New financing structures and debt providers emerged after the 2008 financial collapse and the subsequent Eurozone crisis. They remain influential today, despite calmer markets of late. Export credit agencies (ECAs) propped up lending volumes in Latin America, and even feature prominently in OECD countries, Chile included.

The International Finance Corporation (IFC) is one of many multilateral lenders that have become increasingly comfortable lending to merchant projects in Chile and Mexico, providing that they use renewable technology. Sponsors also leaned harder on local banks to fill out debt packages, after European banks turned their attention away from non-core markets.

Gener started work on the Cochrane and Alto Maipo financings long before 2013. The developer approached banks years before both signed, and neared financial close on Cochrane at the end of 2012, though that deal ultimately signed in late March 2013. Alto Maipo went to market about the same time as Cochrane, with a different group of staff managing that process, and closed in early December 2013.

For the $1.3 billion 472MW Cochrane, Gener could have again have leaned mostly on Korean ECAs, given that POSCO is the plant’s engineering, procurement and construction contractor.

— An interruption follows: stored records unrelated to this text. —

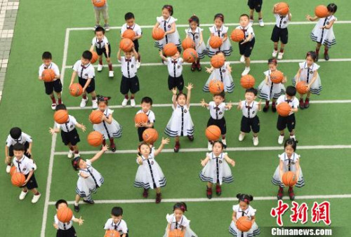 資料圖:幼兒園小朋友進行花樣拍籃球彩排演練 卓忠偉 攝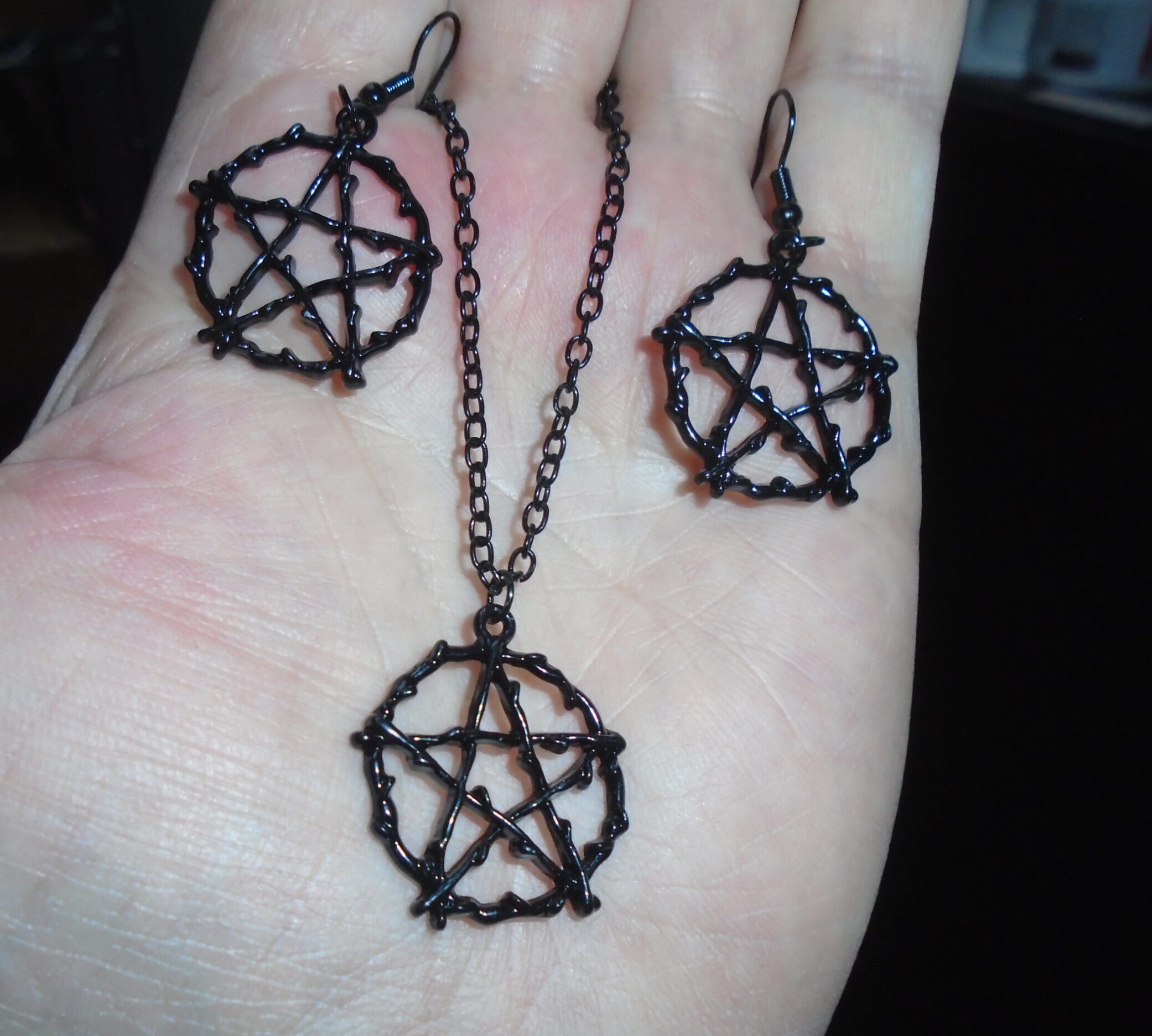 Black Pentagram Earring Necklace Set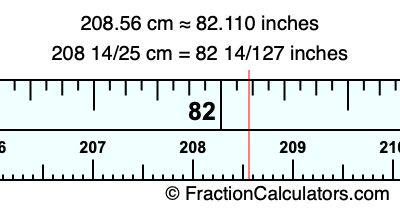 One centimeter is equal to 50/127 inches, and 208.56 as a fraction is 208 14/25. Therefore, to get the fractional answer to 208.56 cm in inches, we multiply 208 14/25 by 50/127 and simplify if necessary.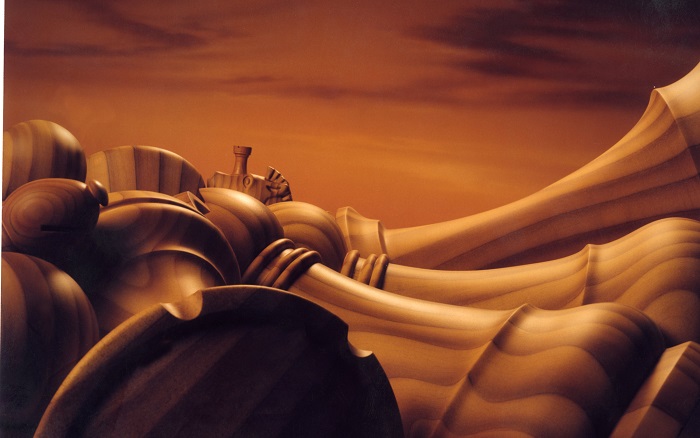 A large mockup was made of this in polystyrene before eventually making it in lightweight wood. It was then flown to Australia and photographed in situ.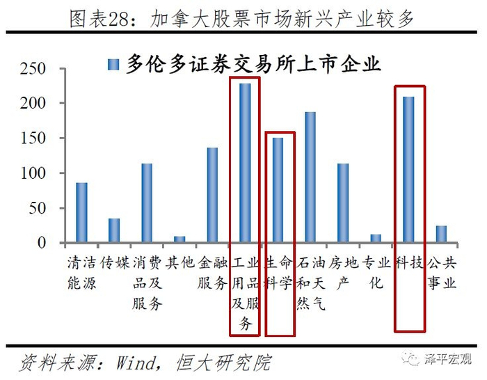 其次,资本市场的快速发展对于实体经济转型升级也能起到积极作用。纳斯达克上市企业中,除金融行业外,医疗、科技等领域上市企业显著高于其他行业,多伦多证券交易所上市企业中,除采矿业外,工业用品、科技、生命科学等领域上市公司也占据主导地位。股票市场较高的风险偏好为难以获得银行信贷、抵押品缺乏、甚至暂无盈利的新兴行业提供了有效的金融资源支持,有助于推动经济结构转型升级,形成新的增长引擎。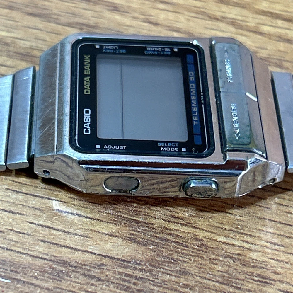 This vintage Casio DB-500 TELEMEMO 50 DATA BANK watch is a rare find for watch collectors and enthusiasts. Made in Japan, this wristwatch features a digital display, quartz movement, and a two-piece strap. The silver bezel color, Arabic numerals, and luminous dial make for a classic and sporty look. This Casio Databank model comes with a variety of features such as a date indicator, day/night indicator, world time, and a chronometer. It is also water-resistant, has a mineral crystal, and an easy-to-read large numeral display. Although it needs a battery, this limited edition watch is in great condition and is a must-have for any watch lover. need a new battery Does not include box or some other accessories ONLY comes with what's pictured. Please review pictures prior to purchase. We apprecdiate all business and would recommend sending a message if any issue or concern comes up. Thanks!”

Instead, it brought in a co-sponsor, Japanese trading house Mitsubishi, which not only allowed it to work with the Japanese export credit agencies, but also with Mitsubishi’s Japanese commercial relationship banks. These commercial banks – Sumitomo Mitsui Banking Corporation, Bank of Tokyo-Mitsubishi UFJ and Mizuho – have all made Latin American project finance a priority, and all joined the Cochrane deal. JBIC and Nippon Export and Investment Insurance (NEXI), as well as K-sure, also signed on.

For the $1.05 billion Cochrane debt, Gener closed a $500 million direct loan with JBIC, and two 17-year loans, one with NEXI coverage, the other with K-sure coverage. The three Japanese banks joined the NEXI tranche, priced about 200bp over Libor, while HSBC, Mizuho, Korea Finance Corporation and SMBC participated in the K-sure loan, which priced at about 210bp. Banco del Estado de Chile provided a $55 million letter of credit facility. HSBC was Gener’s financial adviser on Cochrane.

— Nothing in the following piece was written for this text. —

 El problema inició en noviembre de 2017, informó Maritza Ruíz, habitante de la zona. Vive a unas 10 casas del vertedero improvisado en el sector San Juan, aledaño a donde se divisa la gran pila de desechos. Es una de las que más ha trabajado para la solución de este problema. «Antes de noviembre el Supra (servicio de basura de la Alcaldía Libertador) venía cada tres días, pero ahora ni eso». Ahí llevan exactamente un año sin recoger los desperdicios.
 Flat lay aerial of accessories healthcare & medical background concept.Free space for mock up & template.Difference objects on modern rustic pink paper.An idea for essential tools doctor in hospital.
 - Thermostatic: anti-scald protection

Cochrane features a 20MW battery storage system and benefited from power purchase agreements (PPAs) with the neighbouring Sierra Gorda copper mine, as well as other local mining companies. Alto Maipo, however, has PPAs for just 160MW of its maximum 531MW capacity.

As with Cochrane, Gener brought in outside equity on the $2.05 billion Alto Maipo plant. It sold a 40% stake in Alto Maipo to Antofagasta Minerals, whose subsidiaries were counterparties on the project’s only PPAs.

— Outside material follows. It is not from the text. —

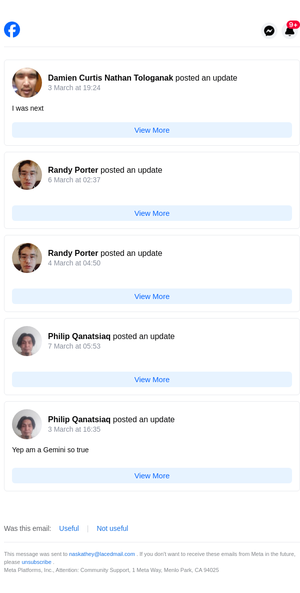 From: notification@facebookmail.com
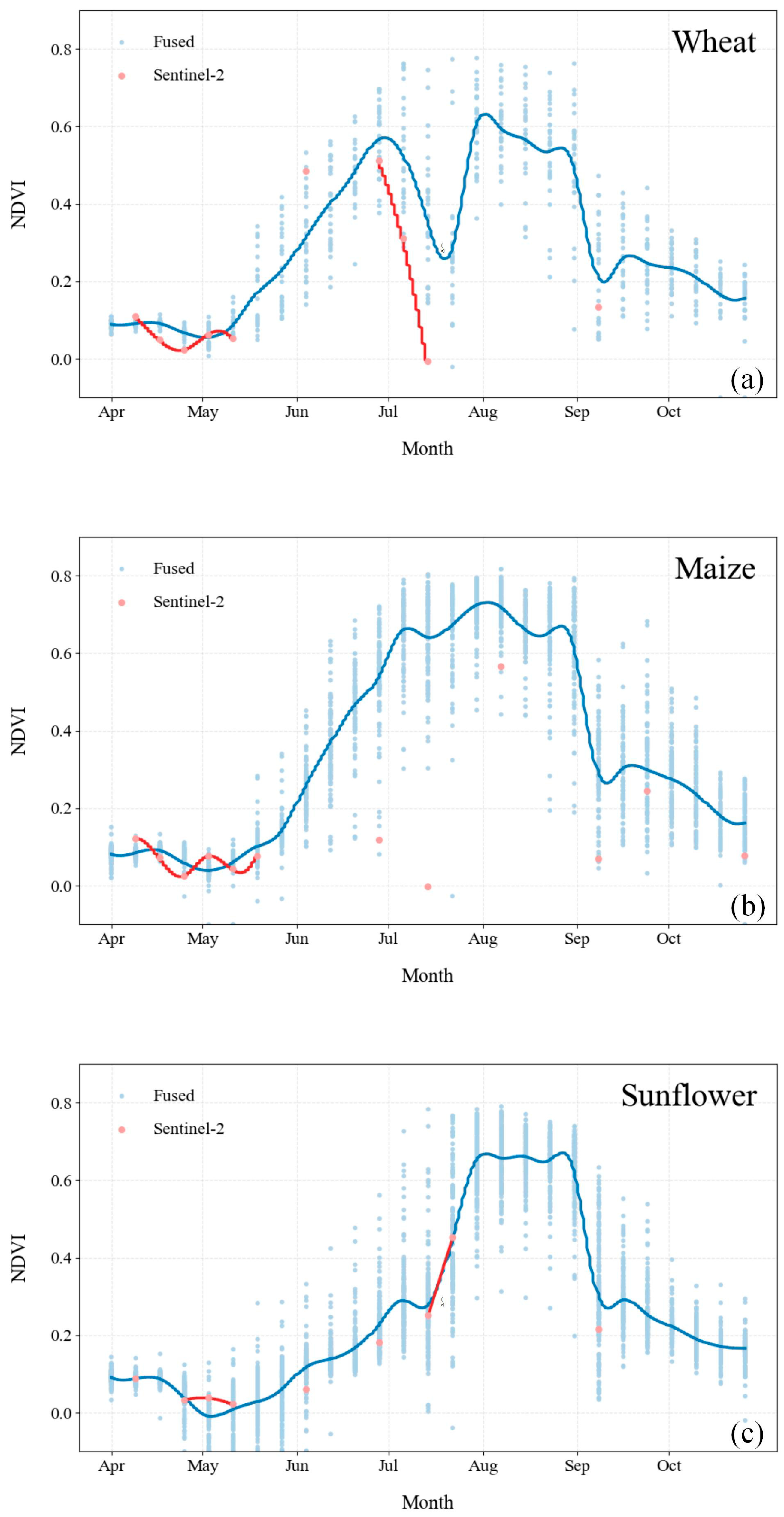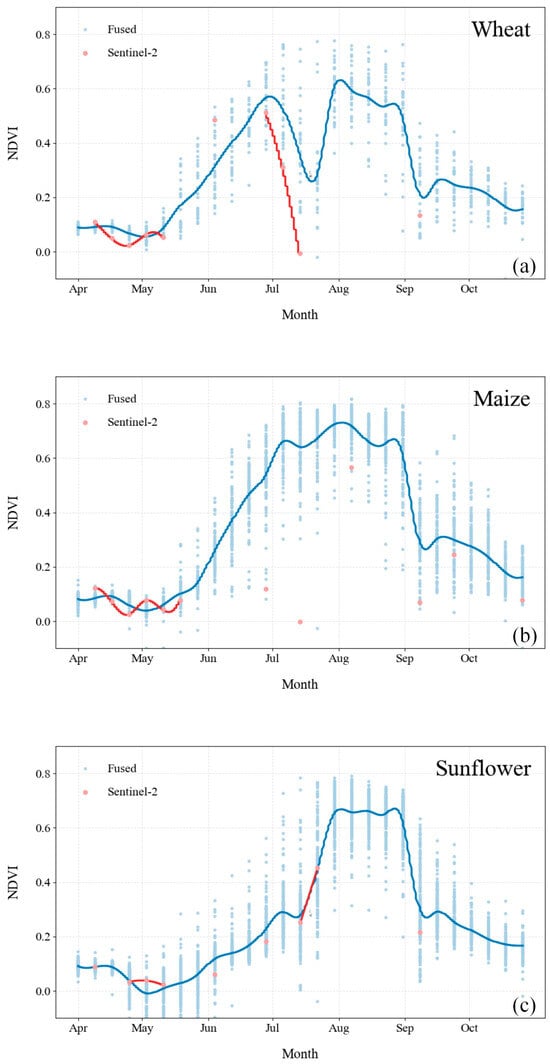 Class-specific NDVI trajectories derived from 2023 field-labeled samples using the fused Landsat–Sentinel-2–MODIS time series (30 m, 8-day; blue) compared with Sentinel-2 observations (red; 10 m, irregular). (a) Wheat; (b) Maize; (c) Sunflower. The fusion product reduces cloud-induced gaps and high-frequency noise while retaining peak magnitude and timing. Axes: Month (x-axis) and NDVI (unitless, y-axis).

Before Cochrane, Gener had been comfortable developing and financing projects on its own, and could still do so if necessary. But outside equity can give it access to more, cheaper, and longer-term debt, and allow it to grow its portfolio faster.

Before Antofagasta formally joined Alto Maipo, in July 2013, Gener had already asked the IFC and other development lenders to consider committing to Alto Maipo’s debt financing. The IFC has closed merchant financings in Chile before. In December 2013 – the same month that the Alto Maipo debt closed – the IFC and the Overseas Private Investment Corporation (Opic) closed $100.4 million in non-recourse debt for SunEdison’s San Andrés merchant solar photovoltaic project in Atacama, Chile. The IFC has also participated in merchant wind financings in Chile.

Commercial banks did participate in the $1.217 billion Alto Maipo debt, but the IFC and Opic offered advantages in terms of longer tenors and comfort with merchant exposures. Chile’s ,spot prices however, make it easy for lenders to take on merchant exposure, because they are high enough to make renewables economical without any incentives. The Inter-American Development Bank (IADB) financed Alto Maipo alongside a group of local and regional banks (CorpBanca, Banco de Crédito e Inversiones, Banco del Estado de Chile and Itaú BBA) and two European lenders (DNB and KfW IPEX).

Gener managed to obtain a 20-year tenor despite the merchant exposure, though it accepted conservative gearing of 59%. Opic was the largest lender, and committed $245 million. The IADB and the IFC took tickets of $195 million and $145 million, respectively.